This policy covers all employment-related disagreements and problems that concern a right, privilege or interest recognized by applicable law. Such disputes include claims, demands, disputes, controversies or actions under Title VII of the Civil Rights Act of 1964, the Civil Rights Act of 1866, the Civil Rights Act of 1991, the Equal Pay Act, the Age Discrimination in Employment Act, the Employee Retirement Income Security Act of 1974, the Fair Labor Standards Act, the Family Medical Leave Act, and any other federal, state or local, statute, regulation, ordinance or common law doctrine, regarding unfair competition, employment discrimination, retaliation, whistleblowing, wage and hour matters, conditions of employment or termination of employment.
(Doc. No. 5-2, at 11-12 (emphasis added).) The Employment Dispute Arbitration Policy further provides that
it is the policy of the Ace Companies ("ACE") that arbitration by a neutral third party is the required and final means for the resolution of any employment-related legal claim not resolved by the internal dispute resolution processes.
Both ACE and the employee will be bound by any decision made by a neutral arbitrator. If the employee or ACE does not abide by the Arbitrator's decision, either party may go to court to enforce the arbitrator's decision, but arbitration must be used before going to court. This policy prevents both ACE and the employee from going to court over employment-related disputes. . . .
(Doc. No. 5-2, at 11.)
On or about July 31, 2008, Brandl took leave from work for an illness and thereafter applied for short term disability benefits. On or about September 2, 2008, ACE USA advised plaintiff that her application for STD benefits was denied, claiming a lack of sufficient documentation from her physician. Plaintiff claimed she could not return to work due to the continuation of her illness. Her supervisor informed her that if she could not return to work her last day of employment would be September 3, 2008. Brandl did not return to work.

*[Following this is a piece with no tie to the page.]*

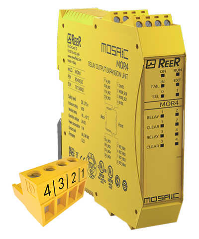 Safety Relay Expansion Unit. 4 Safety Relay Outputs with Configurable Outputs. Screw Terminal Blocks

Plaintiff asserts that she "continued to seek medical treatment and was diagnosed with serious medical conditions including chronic Epstein-Barr virus in October 2008." (Doc. 9-2, at 3.)
Brandl appealed the denial of her STD benefit to ESIS, the STD plan administrator. On June 12, 2009, ESIS awarded plaintiff STD coverage for the period from July 21, 2008 to September 2, 2008 (approximately five weeks). Plaintiff appealed ESIS' award, as it did not include the full 26 weeks of STD benefits that plaintiff claims she was entitled to under the STD plan. On or about May 3, 2010, ESIS awarded plaintiff additional STD benefits for the period from September 3, 2008 to on or about October 15, 2008.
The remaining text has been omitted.